◆ What to produce ◆
Give the listing again word for word. Skip the pictures.
━━━ The input ━━━
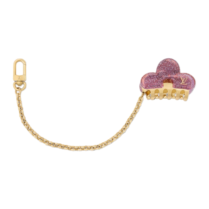 The original, on-trend design of the LV Hair Clip bag charm offers two accessories in one. Crafted in colorful Plexiglas, it outlines the shape of the emblematic Monogram Flower, accented with the LV Initials for an extra House touch. Perfect for embellishing a favorite handbag, with its gold-colored chain removed it becomes a fully functional hair clip.
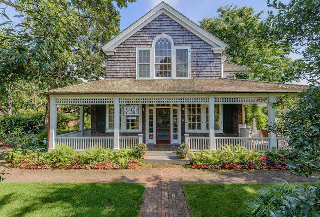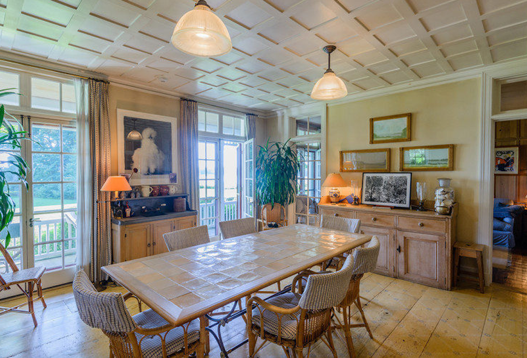 Details include two-foot-wide reclaimed floorboards, handmade wallpaper, and hand-stenciled ceilings. Each of the ground-floor rooms feature French doors opening to large porches.
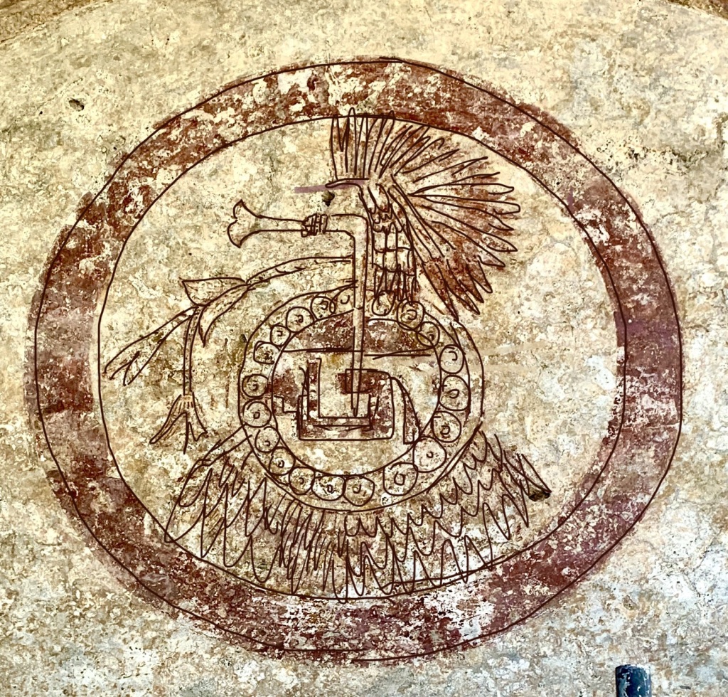 La imagen, la cual se repite, menos nítida, en las capillas 2 y la 3, ha generado interrogantes en torno al porqué de la presencia de este emblema en un sitio tan importante e, incluso, al lado del anagrama de la Virgen María, y acerca de la relación de la cultura prehispánica con el culto cristiano, a pocos años de la invasión española.
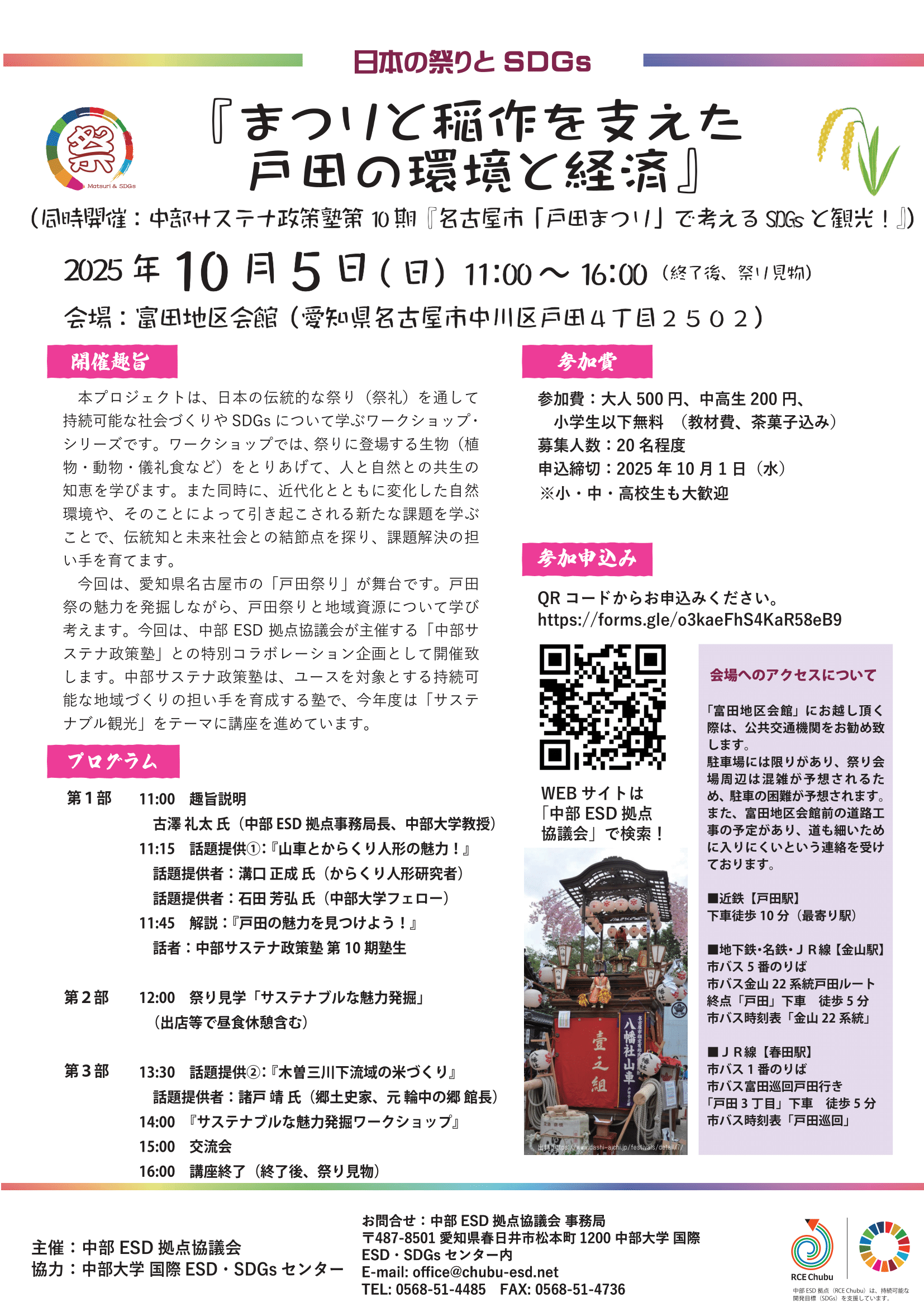 *同時開催:中部サステナ政策塾第10期『名古屋市「戸田まつり」で考えるSDGsと観光!』
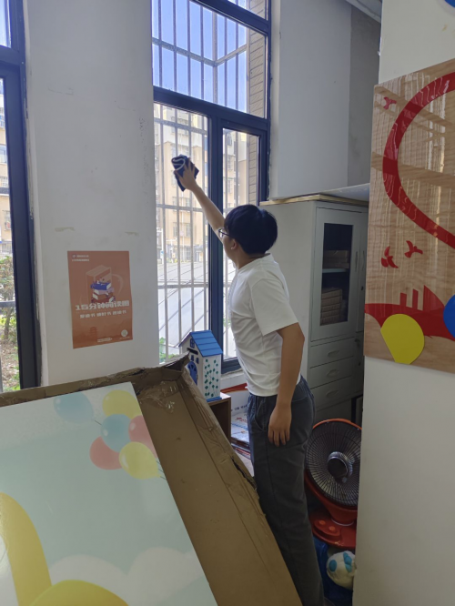 图为实践人员擦拭窗户。 陈雨昂 供图
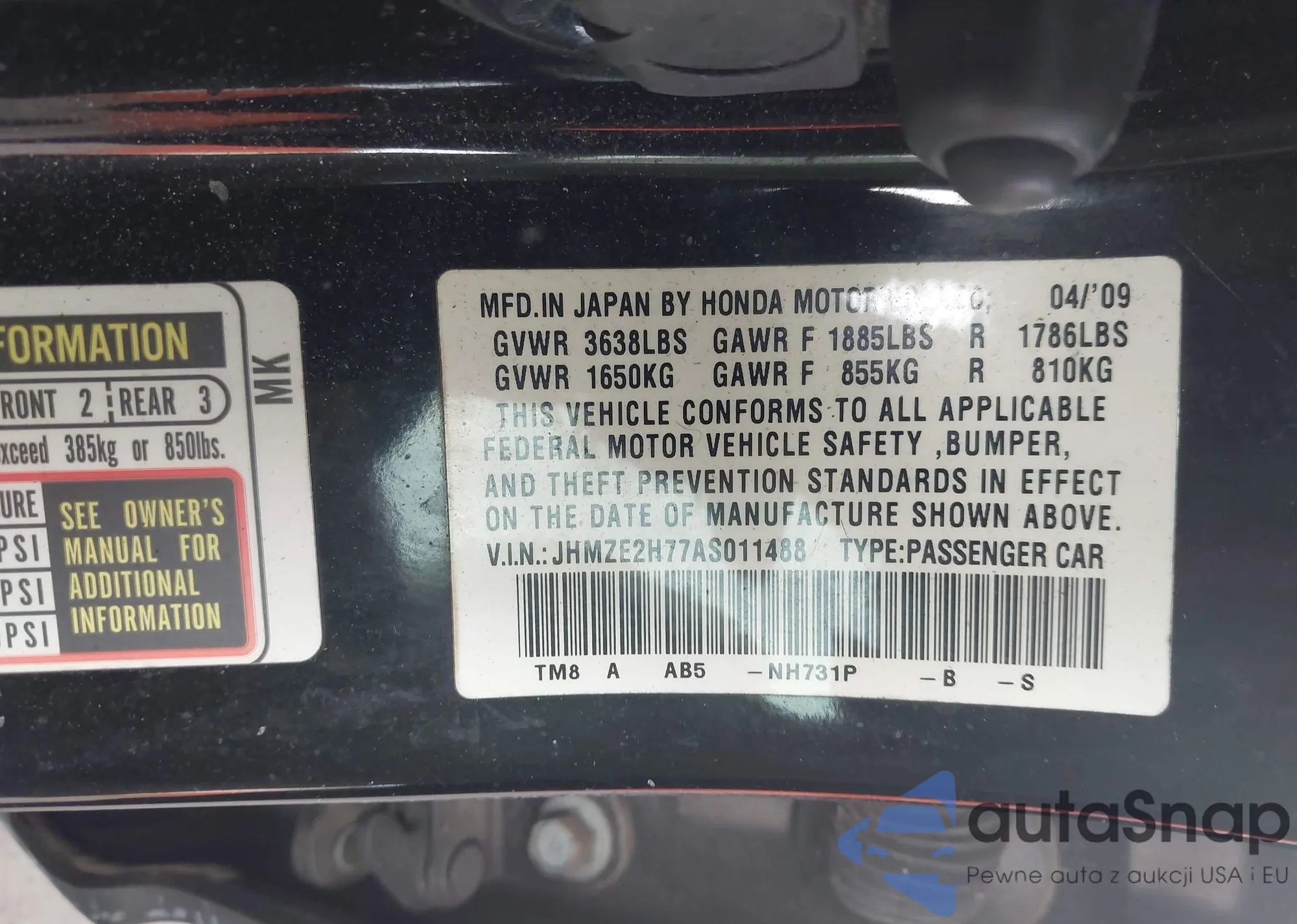 • VIN JHMZE2H77AS011488
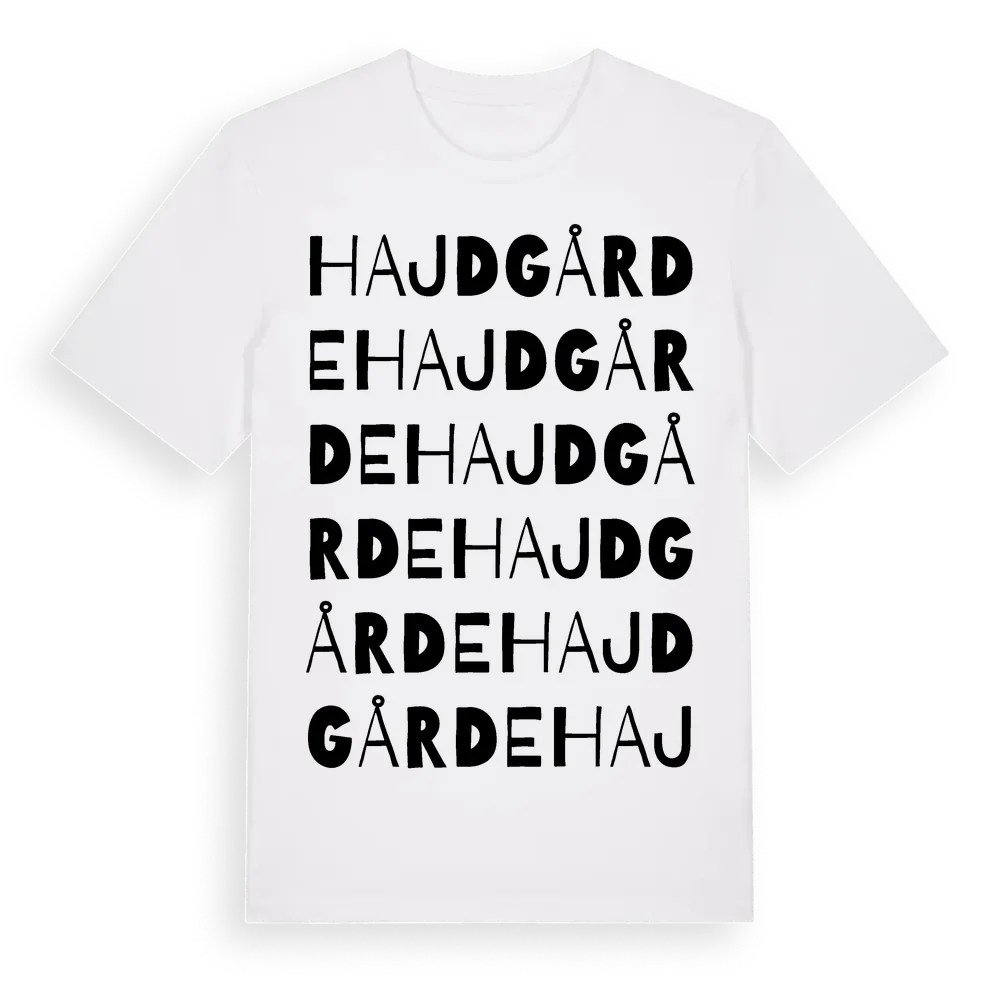 Hajdgårde ordlek t-shirt är inspirerad av Hajdgårde i Gotlands län, Sverige. Tröjan är designad för dig som har en speciell koppling till platsen – oavsett om du bor här, har rötterna här eller bara älskar Hajdgårde.
━━━
◆ Answer for the task ◆
 The original, on-trend design of the LV Hair Clip bag charm offers two accessories in one. Crafted in colorful Plexiglas, it outlines the shape of the emblematic Monogram Flower, accented with the LV Initials for an extra House touch. Perfect for embellishing a favorite handbag, with its gold-colored chain removed it becomes a fully functional hair clip.
 Details include two-foot-wide reclaimed floorboards, handmade wallpaper, and hand-stenciled ceilings. Each of the ground-floor rooms feature French doors opening to large porches.
 La imagen, la cual se repite, menos nítida, en las capillas 2 y la 3, ha generado interrogantes en torno al porqué de la presencia de este emblema en un sitio tan importante e, incluso, al lado del anagrama de la Virgen María, y acerca de la relación de la cultura prehispánica con el culto cristiano, a pocos años de la invasión española.
 *同時開催:中部サステナ政策塾第10期『名古屋市「戸田まつり」で考えるSDGsと観光!』
 图为实践人员擦拭窗户。 陈雨昂 供图
 • VIN JHMZE2H77AS011488
 Hajdgårde ordlek t-shirt är inspirerad av Hajdgårde i Gotlands län, Sverige. Tröjan är designad för dig som har en speciell koppling till platsen – oavsett om du bor här, har rötterna här eller bara älskar Hajdgårde.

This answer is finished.